In July 2010, the United States enacted the Dodd-Frank Wall Street Reform and Consumer Protection Act (the “Dodd-Frank Act”), which provides a broad framework for significant regulatory changes that extends to almost every area of U.S. financial regulation. The Dodd-Frank Act addresses, among other issues, systemic risk oversight, bank capital standards, the resolution of failing systemically significant U.S. financial institutions, over-the-counter derivatives, restrictions on the ability of banking entities to engage in proprietary trading activities and invest in certain private equity funds, hedge funds and other covered funds (known as the “Volcker Rule”), consumer and investor protection, hedge fund registration, municipal advisor registration and regulation, securitization, investment advisor registration and regulation and the role of credit-rating agencies.

U.S. regulators are implementing many provisions of the Dodd-Frank Act through detailed rulemaking, and the implementation process will likely continue for several more years. As it is implemented, the Dodd-Frank Act and related rules are expected to result in additional costs and impose certain limitations and restrictions affecting the conduct of our businesses, although uncertainty remains about the final details, impact and timing of many provisions.

Compass Bank has registered with the SEC and the Municipal Securities Rulemaking Board as a municipal advisor pursuant to the Dodd-Frank Act’s municipal advisor registration requirements.

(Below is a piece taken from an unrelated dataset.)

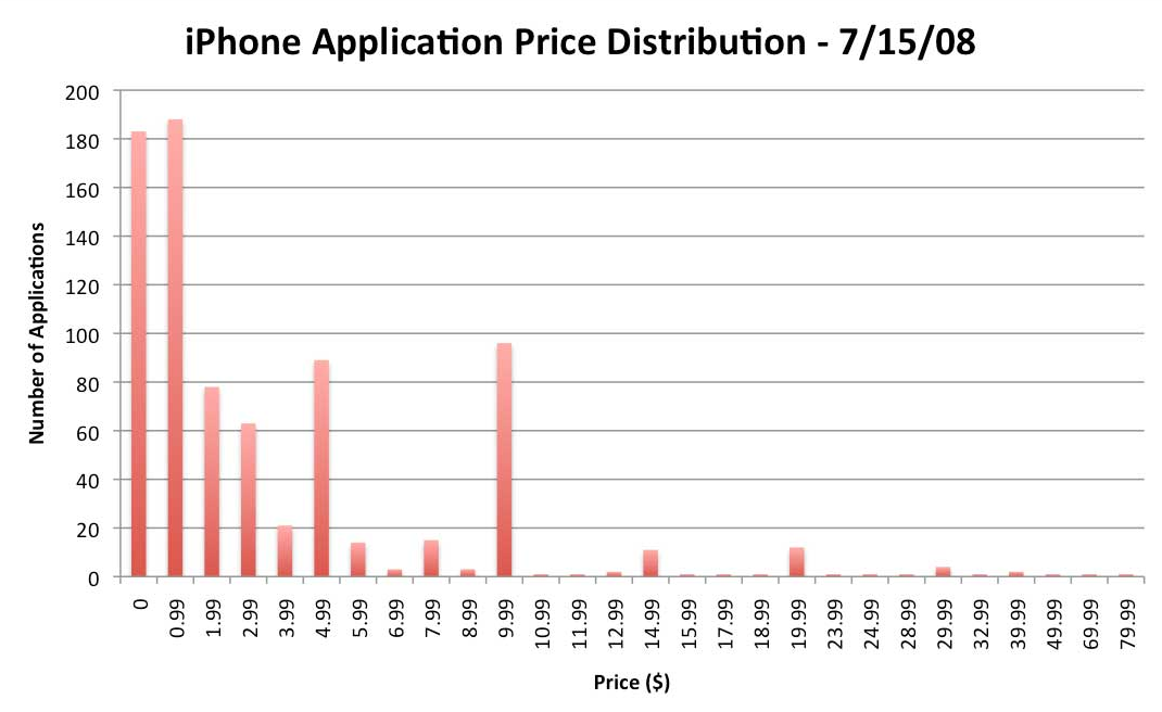 When the iPhone App Store launched last Friday along with the new 3G iPhone, free apps made up 24 percent of the 552 apps available. In other words, the most popular price point was free. The rest of the apps ranged in price from 99 cents to $9.99 and even more. Instead of dictating a uniform price, as he did with music, Steve Jobs let the market decide what price apps should go for.

Among other changes, the Dodd-Frank Act provides for an extensive framework for the regulation of over-the-counter (“OTC”) derivatives by the CFTC and the SEC, including mandatory clearing, exchange trading and public and regulatory transaction reporting of certain OTC derivatives, as well as rules regarding the registration of swap dealers and major swap participants, and related capital, margin, business conduct, record keeping and other requirements applicable to such entities. The CFTC has completed many of the most significant rulemakings, which came into effect in 2013 and 2014.

On March 31, 2013 BBVA registered as a “swap dealer” (as defined in the Commodity Exchange Act and the regulations promulgated thereunder (the “CEA”)) under Title VII of the Dodd-Frank Act. This registration subjects BBVA to regulation and supervision by the U.S. Commodity Futures Trading Commission (the “CFTC”). BBVA’s world-wide swap activities are also subject to regulations adopted by the European Commission pursuant to the European Market Infrastructure Regulation (“EMIR”) and the EU’s Markets in Financial Instruments Directive (“MiFID”) and other European regulations and directives. The CFTC will deem BBVA to have complied with certain Dodd-Frank Act Title VII provisions for which, subject to certain conditions, the CFTC has found certain corresponding European provisions to be essentially identical or comparable, provided BBVA complies with such European provisions, as applicable.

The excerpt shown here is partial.